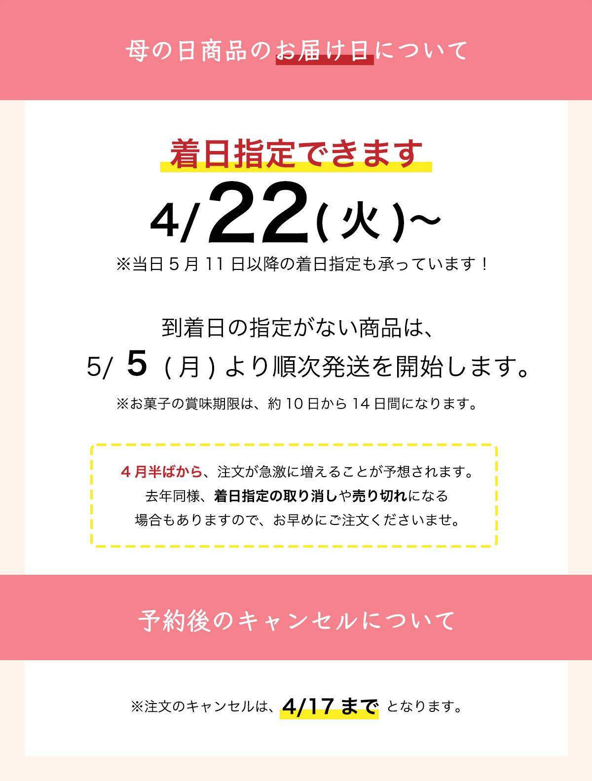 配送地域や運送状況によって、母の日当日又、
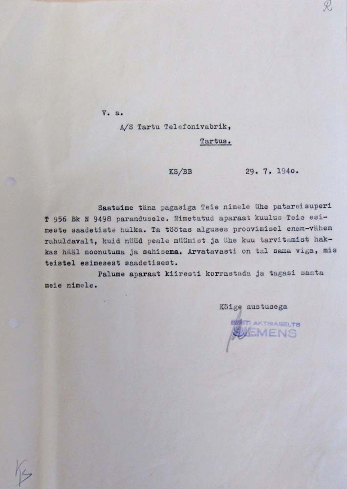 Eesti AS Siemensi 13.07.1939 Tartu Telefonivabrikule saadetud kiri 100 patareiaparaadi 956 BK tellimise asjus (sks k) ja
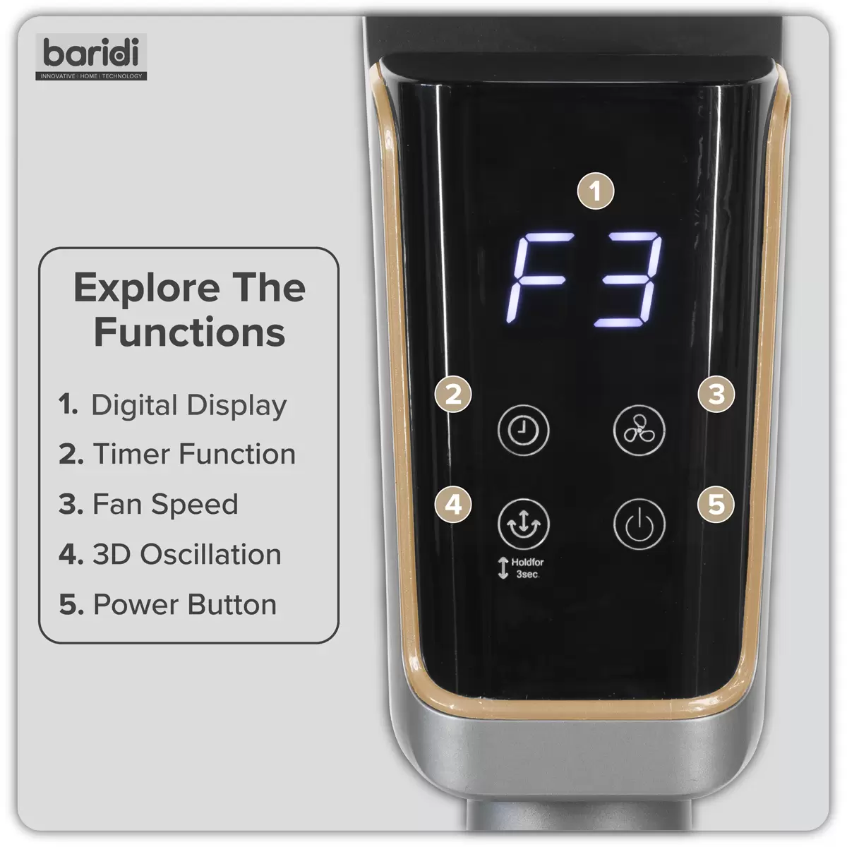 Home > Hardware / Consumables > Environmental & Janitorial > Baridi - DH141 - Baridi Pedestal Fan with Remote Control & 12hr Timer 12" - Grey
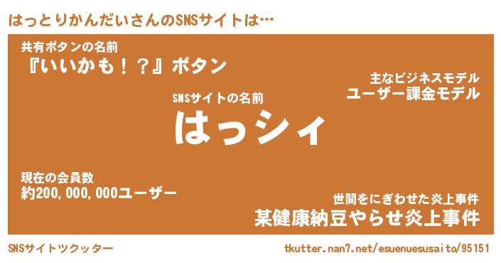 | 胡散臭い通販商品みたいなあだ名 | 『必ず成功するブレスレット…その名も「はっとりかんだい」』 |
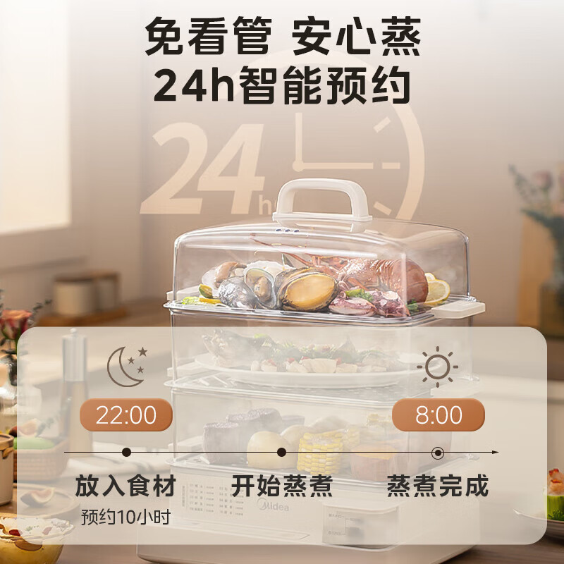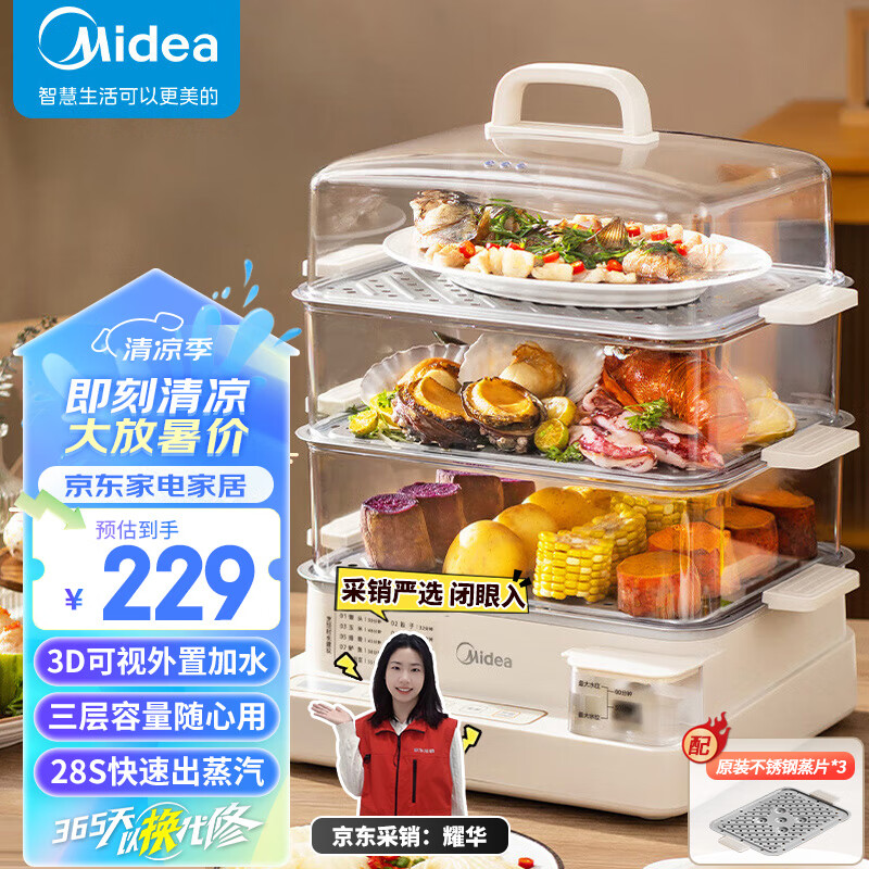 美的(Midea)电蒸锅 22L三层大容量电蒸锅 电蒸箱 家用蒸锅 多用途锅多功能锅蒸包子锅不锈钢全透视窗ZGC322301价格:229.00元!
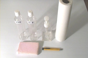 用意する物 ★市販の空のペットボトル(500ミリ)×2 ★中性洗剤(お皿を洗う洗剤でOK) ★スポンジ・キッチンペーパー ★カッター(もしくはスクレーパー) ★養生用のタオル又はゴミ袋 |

Work instruction: Quote every entry exactly, with the pictures omitted.

Answer section:
 配送地域や運送状況によって、母の日当日又、
 Eesti AS Siemensi 13.07.1939 Tartu Telefonivabrikule saadetud kiri 100 patareiaparaadi 956 BK tellimise asjus (sks k) ja
 Home > Hardware / Consumables > Environmental & Janitorial > Baridi - DH141 - Baridi Pedestal Fan with Remote Control & 12hr Timer 12" - Grey
 | 胡散臭い通販商品みたいなあだ名 | 『必ず成功するブレスレット…その名も「はっとりかんだい」』 |
 美的(Midea)电蒸锅 22L三层大容量电蒸锅 电蒸箱 家用蒸锅 多用途锅多功能锅蒸包子锅不锈钢全透视窗ZGC322301价格:229.00元!
 用意する物 ★市販の空のペットボトル(500ミリ)×2 ★中性洗剤(お皿を洗う洗剤でOK) ★スポンジ・キッチンペーパー ★カッター(もしくはスクレーパー) ★養生用のタオル又はゴミ袋 |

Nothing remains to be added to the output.